Denise Krisko went out on a limb and sent her resume to the founder of Vanguard when she was 22 years old.

Krisko, president of VIA, says she started the firm because the asset management industry wasn’t paying enough attention to a growing ETF market. She had a desire to service both smaller and larger industry players.

“It really did turn out to be a bigger growth opportunity than we thought it would be,” Krisko says, noting that she has not actively marketed the firm and that new business has come from referrals. “Without trying very hard, we’ve grown quite a bit.”

This isn’t to say things have been easy — growth has taken research and focus, she says, especially when the firm registered with the Bank of Ireland and expanded its product management into London.

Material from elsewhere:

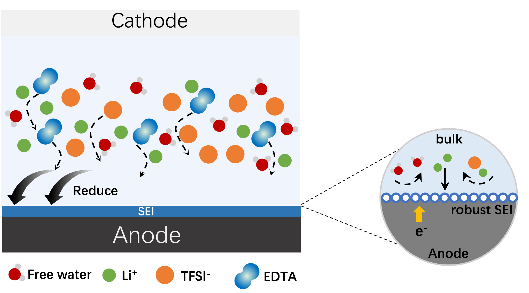 团队创新性地引入乙二胺四乙酸(EDTA)作为功能性添加剂,从分子溶解行为入手,调控高浓度LiTFSI电解质中的溶剂化结构,探明SEI成膜机制。通过实验与多尺度理论计算相结合,揭示了EDTA在高浓度电解质中构建稳定溶剂化结构和致密SEI的关键作用,有效提升了水系锂电池的界面稳定性和循环性能,为新一代高性能水系储能系统开发提供了新策略。

Krisko says that, throughout her career, she has always been one of the only women in the room. While she may have been the minority, she hasn’t necessarily felt like an outsider. “I have worked with men in my career who were really supportive, and that really did make a difference,” she says.

Still, there is a sense of camaraderie she has only found in other women. She says this is why she has sought mentors in her career, including a finance professor while she was in the MBA program at Villanova University. Krisko has mentored other women as a member of Women in ETFs and former leader in BNY Mellon’s Women Initiative Network.

“We have been underrepresented for so long,” Krisko says. “There’s more women now, and women have been hired, but there’s still a ways to go.”